A total of 524 dairy ewes of the Frizarta breed, distributed in seven of the 28 herds of the ALUWG were randomly selected for genotyping. Ewes are kept under an intense production system, with standardized conditions and feeding regime. DNA was extracted from blood samples of 524 dairy ewes using the NucleoSpin Blood kit (Macheray-Nagel). Genotyping using the Illumina OvineSNP50 BeadChip was performed commercially at Neogen Europe, Ltd. Among the 524 original samples, one sample could not be genotyped. Quality control (QC) of the remaining 523 genotypes was assessed in two stages, first on an ‘individual’ and second on a ‘marker’ basis. On the first level, samples were removed if they had: (1) a call rate lower than 0.95 and (2) an overall autosomal heterozygosity rate that fell outside the 1.3 inter-quartile range (0.346–0.389). Based on these criteria, 503 animals (samples) remained. Marker QC removed markers (1) with a call rate lower than 0.95, (2) with a minor allele frequency (MAF) lower than 0.05, (3) that deviated from Fisher’s Hardy–Weinberg equilibrium (HWE) p < 0.0001 and (4) that showed linkage disequilibrium (LD) r2 values greater than 0.50 within windows with a 50-kb inter-marker distance. The above criteria followed the guidelines of Anderson et al. [22]. Specifically, SNP pruning was applied to reduce correlations between SNPs due to LD [23]. Finally, only mapped SNPs and SNPs located on autosomes were considered. Thus, from the original 54,013 SNPs, 43,110 remained for the GWAS.

Body measurements

Four hundred and eighty of the genotyped animals were visited during May 2014 to record measurements on 10 BS traits, i.e. withers height (WH), back height (BH), hip bone (hook) height (HH), body length (BL), chest girth (CG), shoulder width (SW), thorax width (TW), hip bone (hook) width (HW), rump width (RW) and pin bone width (PW), using measuring tape, compass and staff. After data inspection, the final dataset included 459 ewes with full records on all BS traits. Descriptive statistics for these 10 body size traits are in Table 1.

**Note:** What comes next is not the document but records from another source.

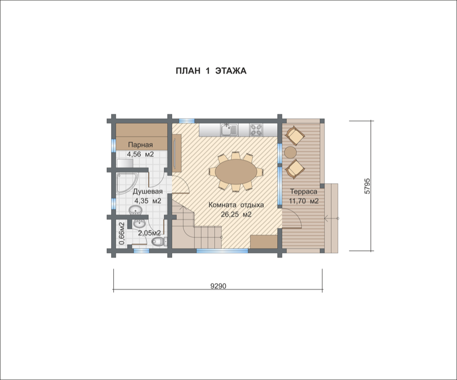 На первом этаже дома-бани расположены банный комплекс, санузел и комната отдыха с небольшой кухней. Антресольный этаж предполагается использовать как спальню.
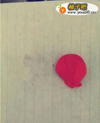 6取一块红色粘土,将其搓成圆球之后按成饼状,之后用自带的擀面杖轻轻戳几下,使其中间成为凹陷状,之后将该物体放置在肉色粘土的上方,用来当做人物的帽子。
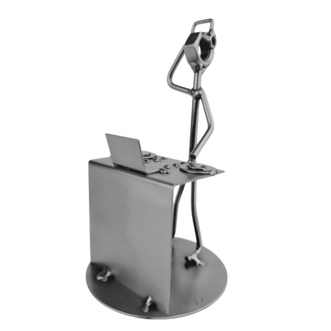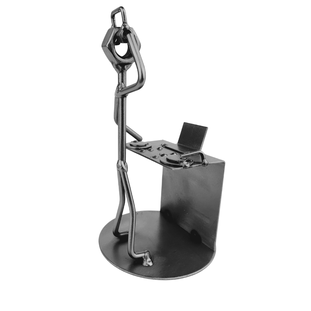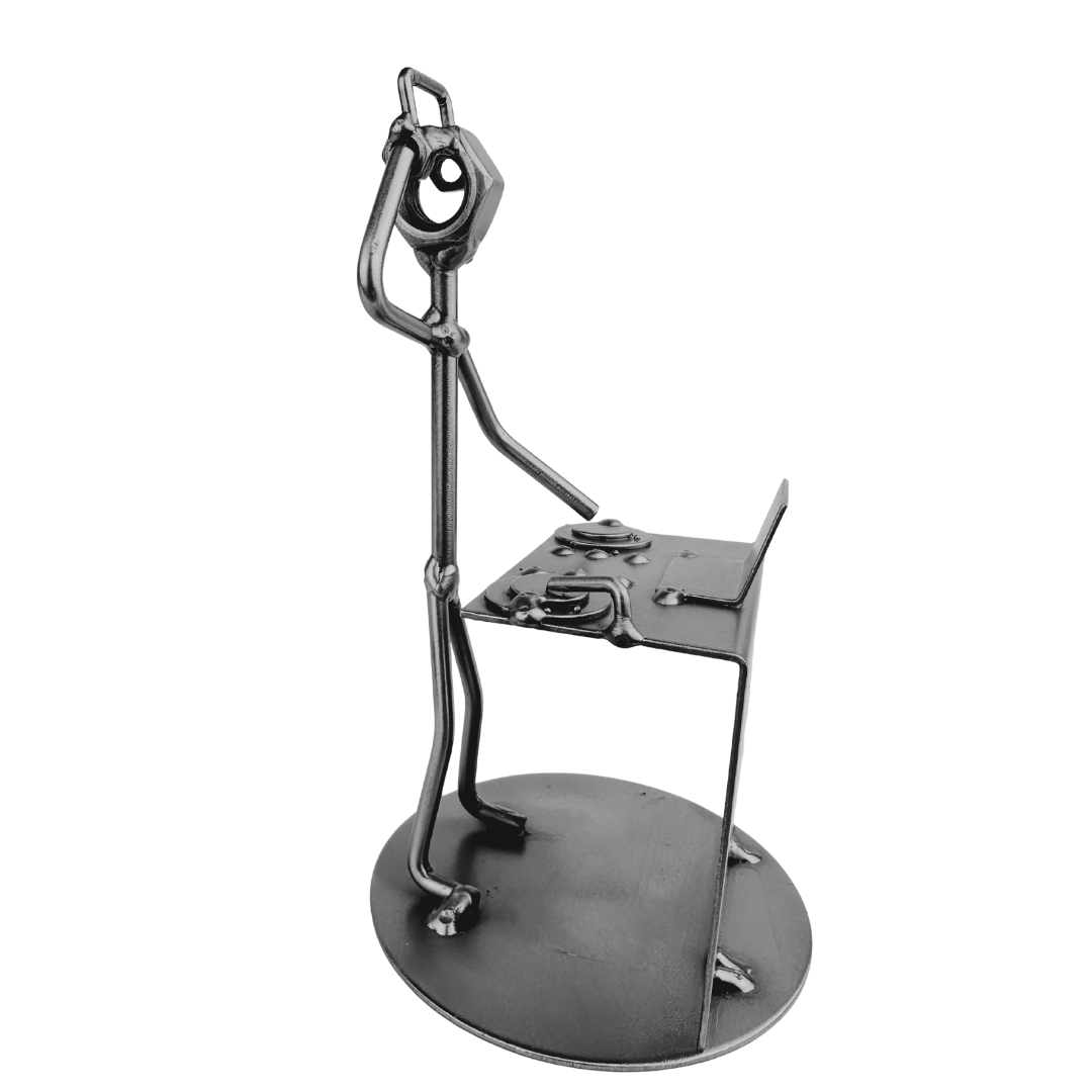 Ta ręcznie wykonana metalowa figurka DJ-a to wyjątkowy i symboliczny

Table 1 Descriptive statistics for 10 body size traits on Frizarta dairy ewes

Principal components analysis

All BS traits followed a normal distribution and analysis of variance (ANOVA) showed that herd (seven classes), lactation number (six classes: 1, 2, 3, 4, 5 and ≥6) and lambing month (six classes: 1, 2, 9, 10, 11 and 12) were statistically significant effects. Traits were then adjusted for these effects based on the least square estimates of each class effect and for each trait. A principal component analysis (PCA), conducted with SAS (9.2) on the adjusted traits was then applied to determine the new uncorrelated variables, i.e. the principal components method was used to extract the components followed by a varimax rotation to obtain orthogonal (uncorrelated) components. Selection of the retained components was based on the following criteria: eigenvalues greater than 1, the Cattell’s scree test and finally interpretable factors. In the interpretation of the rotated factor pattern, a variable was said to load on a given component if the factor loading was equal to 0.40 or more for that component, and was less than 0.40 for the other. The Kaiser-Meyer Olkin (KMO) test of overall sampling adequacy was used to test for appropriateness of conducting PCA with this sample [24]. The KMO test provided a value of 0.82 for the set of variables, which is well above the value of 0.60 that is considered tolerable to explain the correlations between the variables [24].

Marker association analysis

A multi-locus mixed (additive) model (MLMM) using the MLMM algorithm in [25] with a forward and backward stepwise approach to select SNPs as fixed effect covariates was used. A kinship matrix between samples was also calculated based on the identity-by-state (IBS) distance of the SNPs and included as a random effect in the mixed model. This analysis was carried out with the SNP and Variation Suite v8.3.4 (Golden Helix, Inc. 2015).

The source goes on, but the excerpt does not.